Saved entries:
####################

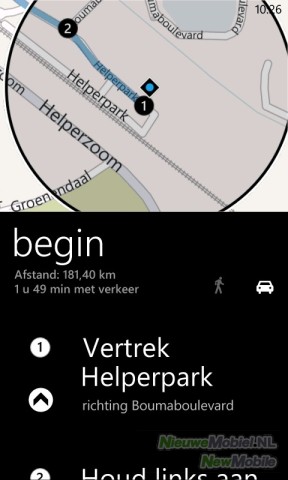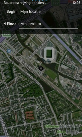 Bing maps of, zoals het in het Nederlands heet, kaarten maakt hier natuurlijk vooral gebruik van en onze positie was inderdaad erg snel vastgesteld. Met dit programma kan een routebeschrijving opgesteld worden die bij elke richtingverandering een aanwijzing geeft. Maar alleen met behulp van een platte kaart en in de vorm van tekst, niet door gesproken aanwijzingen.
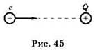 3. Как меняется кинетическая энергия электрона при его приближении к положительному заряду (рис. 45)?
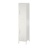 If you want an eclectic look and secure storage, consider this locking storage cabinet. The metal locker cabinet offers a durable powder-coated finish to help it look great for years. The 3-shelf cabinet features an adjustable design to help you store large or small items. Powder-coated metal construction offers durability. 3 adjustable shelves help you organize your things. Lockable design for security. Clean with a damp cloth. Weight capacity tested to support 130 lb. Assembly required. Backed by the manufacturers 1-year limited warranty. Sleek white design.
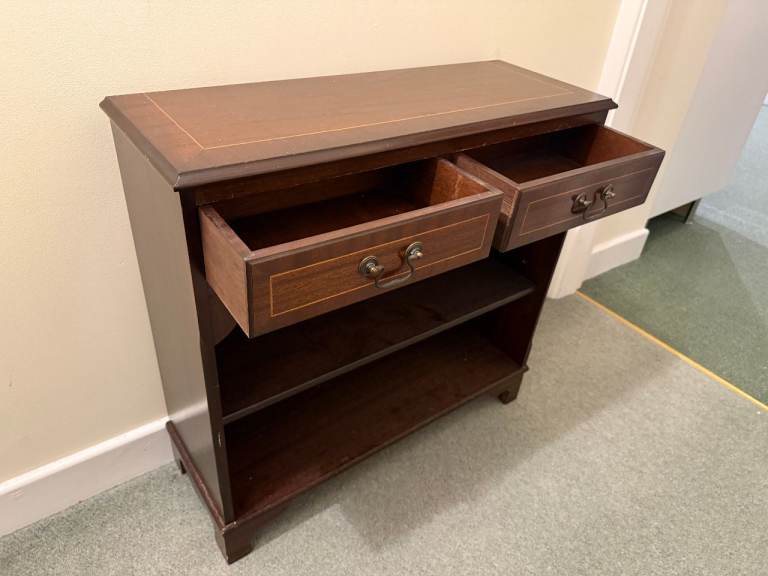 Nice free-standing mahogany-coloured bookcase or side table with two useful drawers. Moved house and sadly don't have enough room for this. From a smoke- and pet-free home.
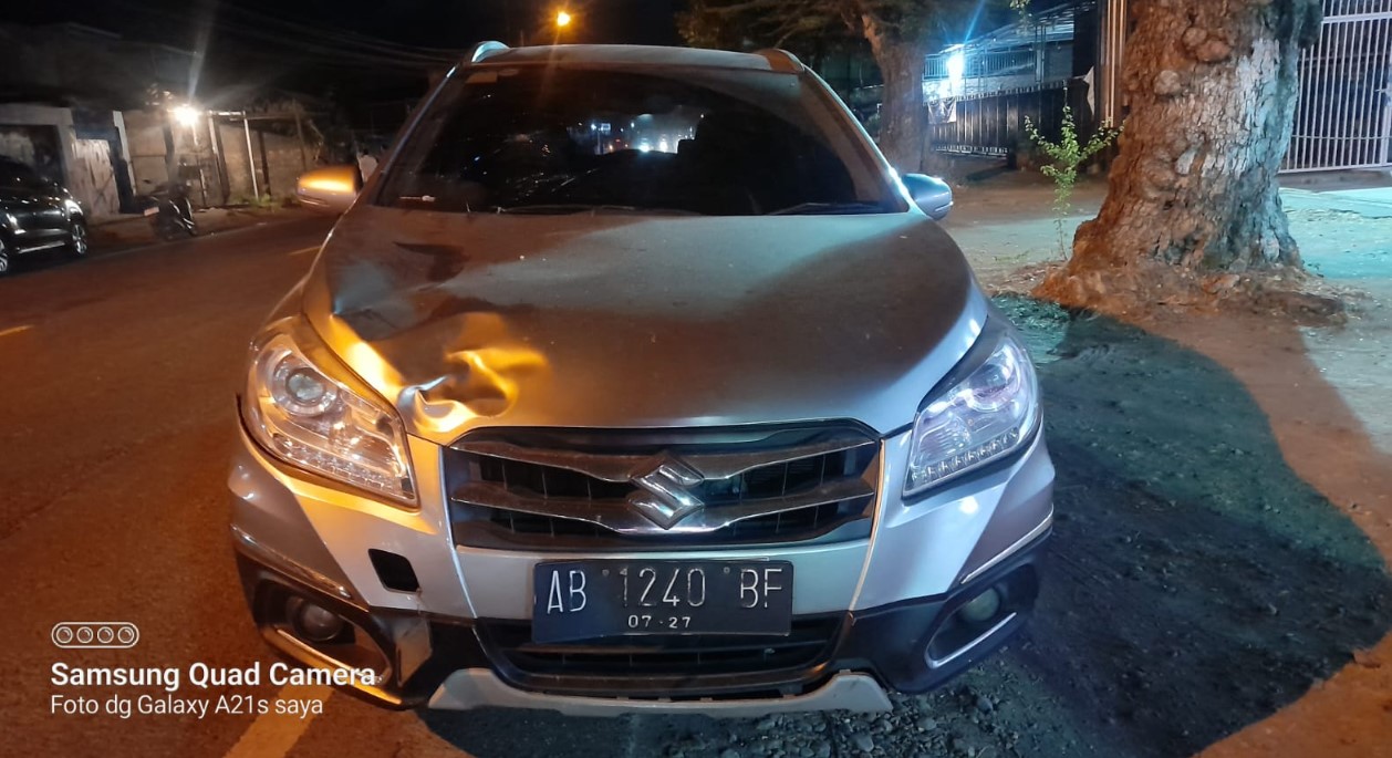 Tampak bagian depan mobil Suzuki AB 1240 BF mengalami kerusakan cukup parah usai menabrak pejalan kaki di depan toko Clandys, Jalan Bantul, Rabu malam (30/7/2025).
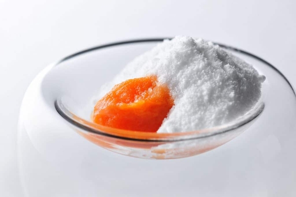 厳しい寒さの中、雪の下で育つことにより甘みが増した人参のピューレとカルダモンのグラニテを合わせた一品です。雪の下人参を乾燥させてからピューレにすることで華やかな香りが広がり、凝縮された甘みが際立ちます。エスプーマで仕上げた香り豊かなカルダモンのグラニテが重なり合い、人参の甘みと爽やかな香りが楽しめます。
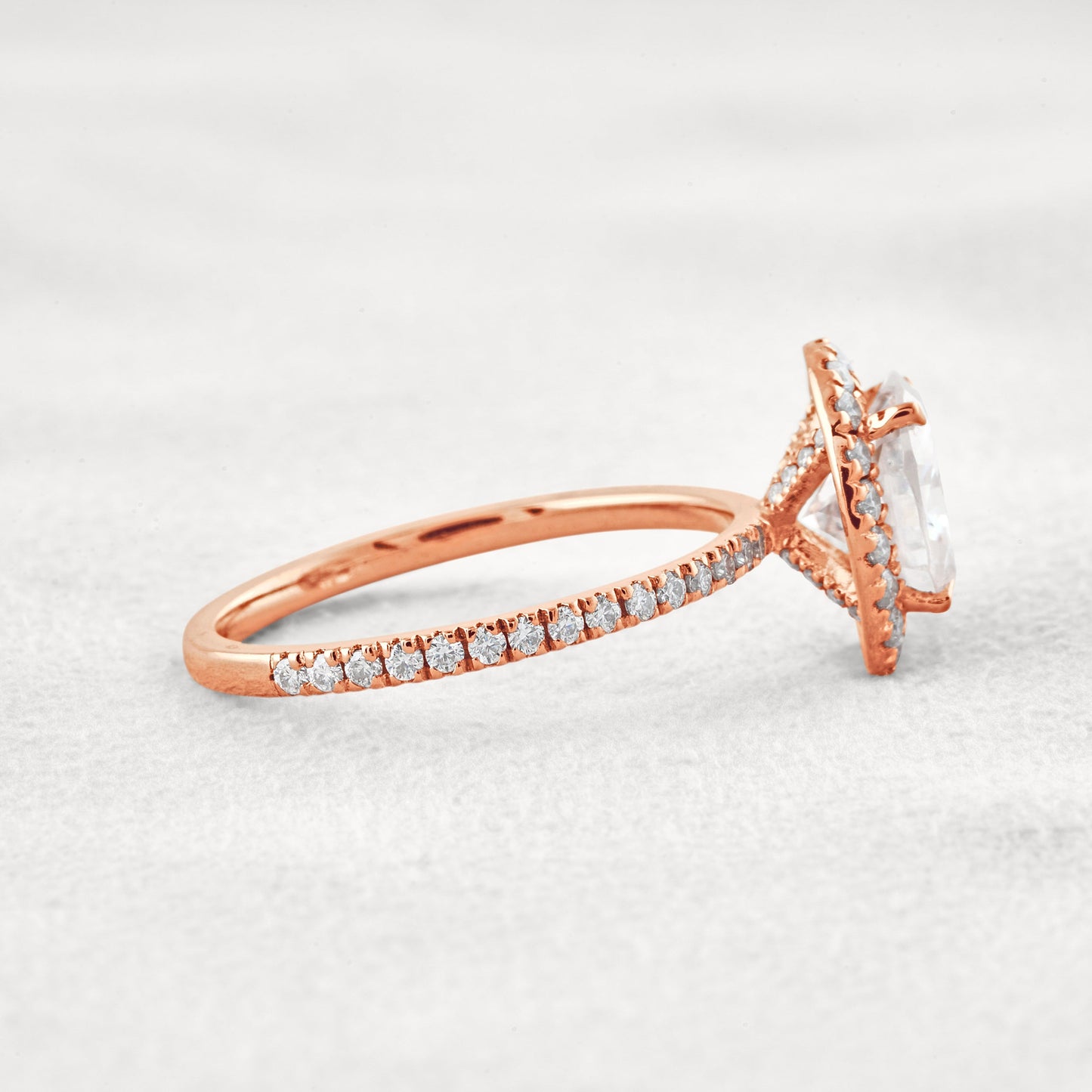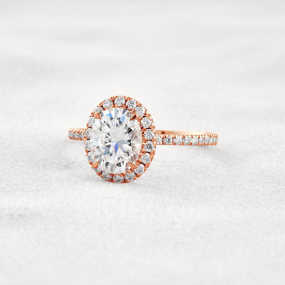 1.91 CT Oval Cut Halo & Pave Moissanite Diamond Engagement Ring In Rose Gold
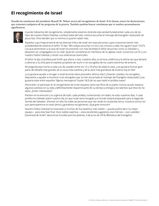 Mis queridos jóvenes extraordinarios, ustedes fueron enviados a la tierra en este preciso momento, el momento más crucial en la historia del mundo, para ayudar a recoger a Israel. No hay nada que esté ocurriendo en esta tierra ahora que sea más importante que eso. No hay nada que sea de mayor consecuencia. Absolutamente nada (“Juventud de Israel”, devocional mundial para los jóvenes, 3 de junio de 2018, Biblioteca del Evangelio).

####################

**Work request**
The data must come back word for word, with every picture removed.

**Solution for this exercise**
 Bing maps of, zoals het in het Nederlands heet, kaarten maakt hier natuurlijk vooral gebruik van en onze positie was inderdaad erg snel vastgesteld. Met dit programma kan een routebeschrijving opgesteld worden die bij elke richtingverandering een aanwijzing geeft. Maar alleen met behulp van een platte kaart en in de vorm van tekst, niet door gesproken aanwijzingen.
 3. Как меняется кинетическая энергия электрона при его приближении к положительному заряду (рис. 45)?
 If you want an eclectic look and secure storage, consider this locking storage cabinet. The metal locker cabinet offers a durable powder-coated finish to help it look great for years. The 3-shelf cabinet features an adjustable design to help you store large or small items. Powder-coated metal construction offers durability. 3 adjustable shelves help you organize your things. Lockable design for security. Clean with a damp cloth. Weight capacity tested to support 130 lb. Assembly required. Backed by the manufacturers 1-year limited warranty. Sleek white design.
 Nice free-standing mahogany-coloured bookcase or side table with two useful drawers. Moved house and sadly don't have enough room for this. From a smoke- and pet-free home.
 Tampak bagian depan mobil Suzuki AB 1240 BF mengalami kerusakan cukup parah usai menabrak pejalan kaki di depan toko Clandys, Jalan Bantul, Rabu malam (30/7/2025).
 厳しい寒さの中、雪の下で育つことにより甘みが増した人参のピューレとカルダモンのグラニテを合わせた一品です。雪の下人参を乾燥させてからピューレにすることで華やかな香りが広がり、凝縮された甘みが際立ちます。エスプーマで仕上げた香り豊かなカルダモンのグラニテが重なり合い、人参の甘みと爽やかな香りが楽しめます。
 1.91 CT Oval Cut Halo & Pave Moissanite Diamond Engagement Ring In Rose Gold
 Mis queridos jóvenes extraordinarios, ustedes fueron enviados a la tierra en este preciso momento, el momento más crucial en la historia del mundo, para ayudar a recoger a Israel. No hay nada que esté ocurriendo en esta tierra ahora que sea más importante que eso. No hay nada que sea de mayor consecuencia. Absolutamente nada (“Juventud de Israel”, devocional mundial para los jóvenes, 3 de junio de 2018, Biblioteca del Evangelio).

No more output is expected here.